The whole listing needs to be written out exactly, except for any images.
━━━━━━━━━━━━━━━━━━━━━━━━━━━━━━
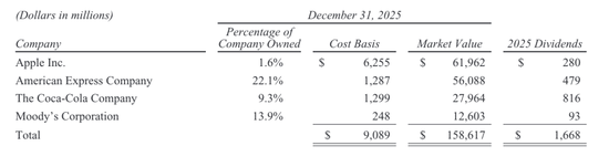 值得注意的是,名单里没有美国银行,而它在2025年末仍是伯克希尔第三大持仓。这种“说什么、不说什么”,同样很阿贝尔:不做过多解释,但边界画得很清楚——集中持有会继续,交易活动会保持克制,只有当长期经济前景发生根本变化,才会“显著调整”。
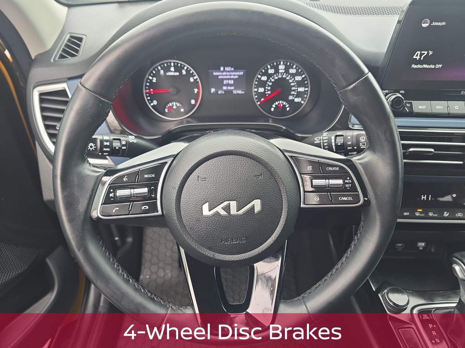 Clean CARFAX. This 2022 Kia Seltos S offers great style, efficiency, and value. It features a responsive 2.0L engine, a 10.25′′ touchscreen with Apple CarPlay/Android Auto, remote start, and advanced safety tech like Forward Collision Avoidance and Lane Keeping Assist. With roomy cargo space and excellent fuel economy, it’s a perfect daily driver or weekend adventurer., Starbright Yellow/Black Roof (GA7), 4-Wheel Disc Brakes, 6 Speakers, Air Conditioning, Apple CarPlay & Android Auto, Cargo Mat, Cargo Tray, Electronic Stability Control, Exterior Parking Camera Rear, Front fog lights, Fully automatic headlights, Glossy Black Door Garnish, Glossy Black Door Garnish Package, Navigation System, Radio: AM/FM/MP3 Display Audio w/Navigation, Remote keyless entry, Security system, Speed control, Speed-sensing steering, Steering wheel mounted audio controls, Tachometer, Telescoping steering wheel, Tilt steering wheel, Traction control, Turn signal indicator mirrors, Wheels: 17 Alloy w/Dark Gray Finish.
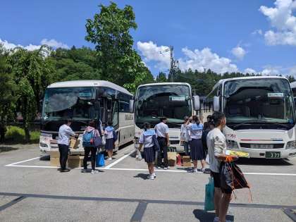 高山散策が終わり、民泊場所別に乗車しています。これから郡上での民泊が始まります。
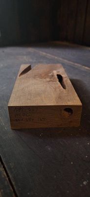 Small block with worm holes, curios put aside over the years for their unquie or one off, patten, figure, colour or grain. Rare, unusual and intriging objects of wood. Puriri moth holes.
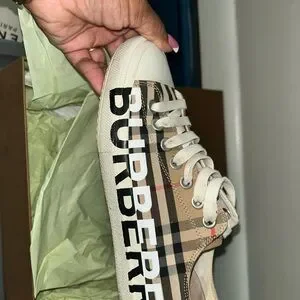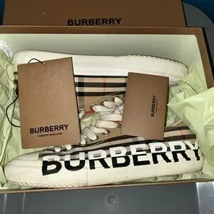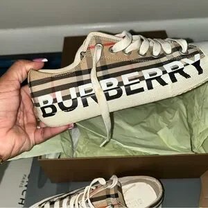 Chic high-top sneakers with classic Burberry plaid. Bold logo across the side. Perfect for casual wear.
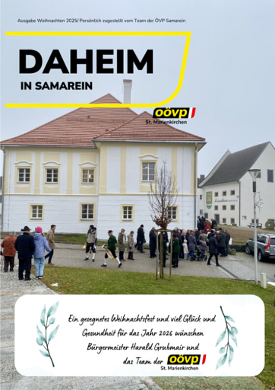 ÖVP St. Marienkirchen an der Polsenz erscheint drei Mal jährlich. Die Zeitung wird persönlich vom Team der ÖVP Samarein an jeden Haushalt zugestellt und enthält viel Wissenswertes über unseren schönen Ort.
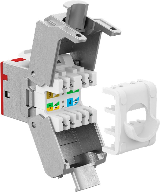 - Die feldkonfektionierbare RJ45-Buchse ist nur für Volldraht von 0,45–0,65 mm Durchmesser und nicht für Litzendraht geeignet
━━━━━━━━━━━━━━━━━━━━━━━━━━━━━━
__Answer to this exercise__.
 值得注意的是,名单里没有美国银行,而它在2025年末仍是伯克希尔第三大持仓。这种“说什么、不说什么”,同样很阿贝尔:不做过多解释,但边界画得很清楚——集中持有会继续,交易活动会保持克制,只有当长期经济前景发生根本变化,才会“显著调整”。
 Clean CARFAX. This 2022 Kia Seltos S offers great style, efficiency, and value. It features a responsive 2.0L engine, a 10.25′′ touchscreen with Apple CarPlay/Android Auto, remote start, and advanced safety tech like Forward Collision Avoidance and Lane Keeping Assist. With roomy cargo space and excellent fuel economy, it’s a perfect daily driver or weekend adventurer., Starbright Yellow/Black Roof (GA7), 4-Wheel Disc Brakes, 6 Speakers, Air Conditioning, Apple CarPlay & Android Auto, Cargo Mat, Cargo Tray, Electronic Stability Control, Exterior Parking Camera Rear, Front fog lights, Fully automatic headlights, Glossy Black Door Garnish, Glossy Black Door Garnish Package, Navigation System, Radio: AM/FM/MP3 Display Audio w/Navigation, Remote keyless entry, Security system, Speed control, Speed-sensing steering, Steering wheel mounted audio controls, Tachometer, Telescoping steering wheel, Tilt steering wheel, Traction control, Turn signal indicator mirrors, Wheels: 17 Alloy w/Dark Gray Finish.
 高山散策が終わり、民泊場所別に乗車しています。これから郡上での民泊が始まります。
 Small block with worm holes, curios put aside over the years for their unquie or one off, patten, figure, colour or grain. Rare, unusual and intriging objects of wood. Puriri moth holes.
 Chic high-top sneakers with classic Burberry plaid. Bold logo across the side. Perfect for casual wear.
 ÖVP St. Marienkirchen an der Polsenz erscheint drei Mal jährlich. Die Zeitung wird persönlich vom Team der ÖVP Samarein an jeden Haushalt zugestellt und enthält viel Wissenswertes über unseren schönen Ort.
 - Die feldkonfektionierbare RJ45-Buchse ist nur für Volldraht von 0,45–0,65 mm Durchmesser und nicht für Litzendraht geeignet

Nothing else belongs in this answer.